The Case for Mobile App Voting: Can We Know the Risks to the Whole Election?

This is final part of a 4-part mini-series of comments by our co-founder & CTO, John Sebes

In a recent InformationWeek Dark Reading article, Kelly Jackson Higgins asks whether Internet voting by mobile app is better than other forms of Internet voting, based on better security.

Rewinding to the beginning of this series: my response is, “No, App based mobile voting isn’t preferable to other forms based on security.” However, it might be preferable to other methods based on voter convenience, but there are many other factors including, but not limited to, available budget, and the level of technology and cybersecurity sophistication of an elections office in considering such an initiative.

The hardest part – recalling my analogy of flying blind in a snowstorm (Part 1) is in common with any Internet voting scheme: always remembering that it is like flying blind, and ensuring that it’s only done when absolutely necessary.

Before getting to the very last question, let’s revisit the risk to an entire election of even a small amount of Internet voting. The risk starts with the fact that digitally returned ballots cannot be verified as having been what the voter sent. As a result, what happens when there is a very close election, and the number of Internet ballots exceeds the margin of victory? The election is fundamentally tainted. There’s no way to be sure that the stated winner is the actual winner, when there is no way to convincingly prove that every single one of the Internet ballots was legitimate.
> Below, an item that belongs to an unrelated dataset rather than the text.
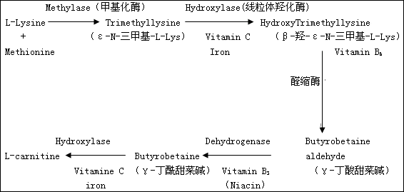 (2)生物合成法严格限制在肝、肾组织,还需烟酸、维生素C、维生素B6、Fe2+的参与,其中维生素C对肉碱的合成速度影响最大。合成一分子赖氨酸和三分子蛋氨酸,赖氨酸提供碳链和氮原子,蛋氨酸提供甲型。肌肉组织中肉碱含量虽然高,但要依赖来自肝、肾的血液输送。

That leads to the last question:

How do we know that Internet voting is only used for that sliver of the population that is overseas and for whom the Internet-download with 45-day return time frame really, really, really will not work?”

How do we know that, collectively, we are taking on this risk to the entire election – a really close one that’s decided by unverifiable Internet ballots – only in the absolutely required cases?

I wish I had an answer to that question! I don’t, and I don’t believe anyone does.